Hello,
This is what I am trying to do: I wrote a little function that takes
addresses (coordinates) as input, and returns the road distance between
every two points using Google Maps. Catch is, there are 2000 addresses, so I
have to get around 2x10^6 addresses. On my first go, this is what I did:
#########################################
getRoadDist = function(X,complete=F){ # X must be a matrix or data frame
of coordinates; lat and lon
require(RCurl)
Y = apply( X, 1, function(x){ paste(x[1], ",", x[2],
sep="") } )
grid = expand.grid(Y,Y,KEEP.OUT.ATTRS=F)
grid =
apply(grid,1,function(x){paste(x[1],"&daddr=",x[2],sep="")})
grid = matrix(grid,ncol=length(Y),dimnames=list(names(Y),names(Y)))
grid[upper.tri(grid,T)] = NA
Distances = function(x){
if (is.na(x)) {
NA
}
else {
URL =
getURL(paste("http://maps.google.com/maps?saddr",x,sep=""))

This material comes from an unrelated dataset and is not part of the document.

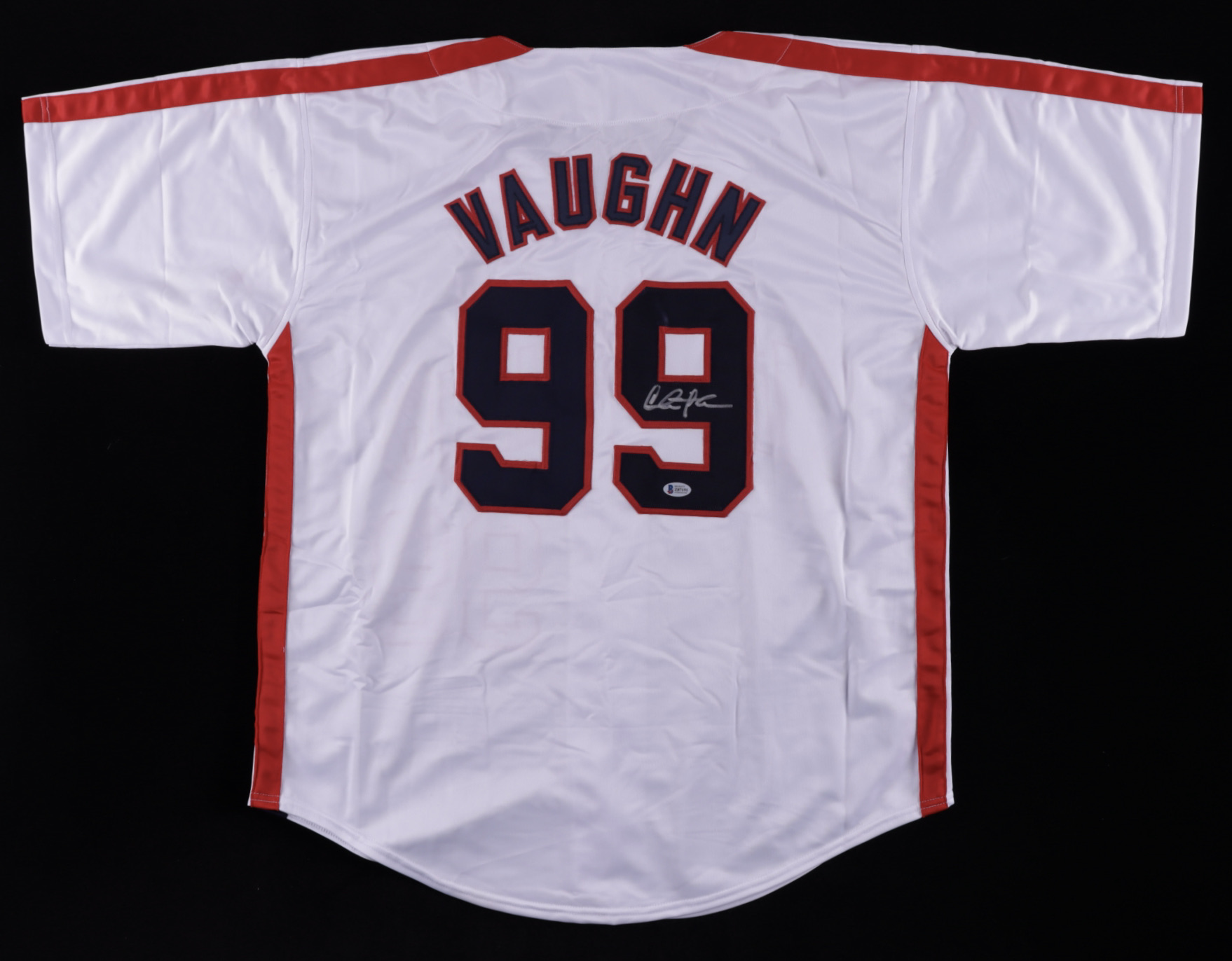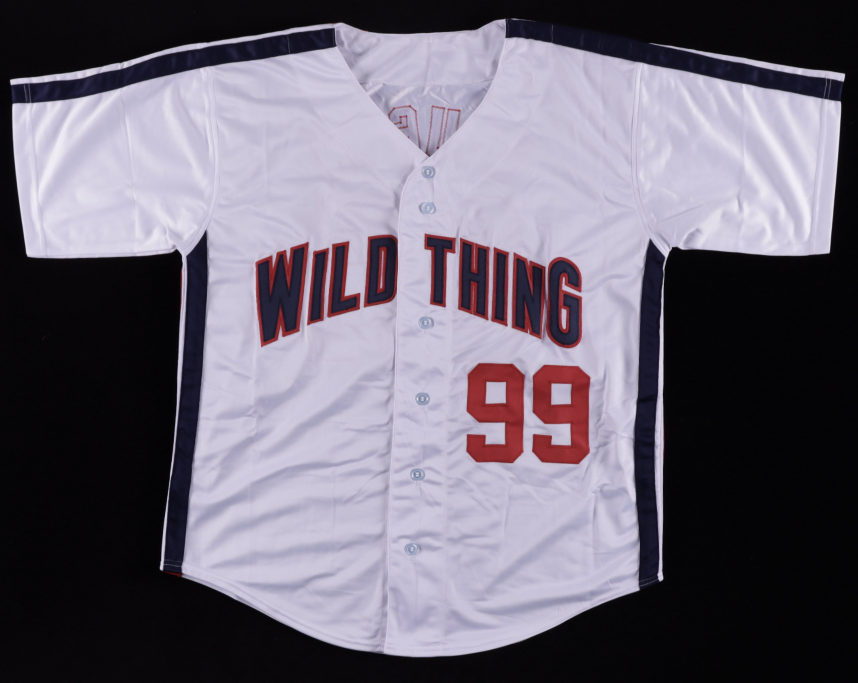 Custom on-field style jersey. Everything is sewn on, size XL. Has been hand-signed by Charlie Sheen (Ricky "Wild Thing" Vaughn).

y = strsplit(URL, "<div><b>")
y = strsplit(y[[1]][2], " mi</b>"
)[[1]][1]
as.numeric(y)
}
}
dists = sapply(grid,Distances)
dists = matrix(dists,ncol=ncol(grid),dimnames=dimnames(grid))
if (complete) {
diag(dists)=0
dists[upper.tri(dists)]=dists[lower.tri(dists)]
dists
}
else {
dists
}
}
#########################################
But R was crashing after 1 hour or so -- it either said "Reached total
allocation of 1535Mb" or, became unresponsive. Then, I tried to modify the
procedure to avoid big matrices at the. What I did was, I got the distances
and, one by one, appended them to a file in the hope that this would use
less memory:
##########################################
# X is the matrix of addresses, as before
require(RCurl)
Y = apply( X, 1, function(x){ paste(x[1], ",", x[2],
sep="") } )
grid = expand.grid(Y,Y,KEEP.OUT.ATTRS=F)
grid =
apply(grid,1,function(x){paste(x[1],"&daddr=",x[2],sep="")})
grid = matrix(grid,ncol=length(Y),dimnames=list(names(Y),names(Y)))
grid[upper.tri(grid,T)] = NA
Distances = function(x){
if (is.na(x)) {
NA
}
else {
URL =
getURL(paste("http://maps.google.com/maps?saddr",x,sep=""))
y = strsplit(URL, "<div><b>")
y = strsplit(y[[1]][2], " mi</b>"
)[[1]][1]
as.numeric(y)
}
}
grid2=grid[!is.na(grid)]
n = length(grid2)
for (i in 1:n) {
temp = Distances(grid2[i])
write.table(temp,"distances.csv",col.names=F,row.names=F,append=T)
}
##########################################
But R still crashes after 2 hours (all I got was around 20.000 distances).
It doesn't really matter how long this will take me (I can always use more
than one machine), but I'd really like to get this done. Any thoughts?
Many many thanks,
Dimitri
[[alternative HTML version deleted]]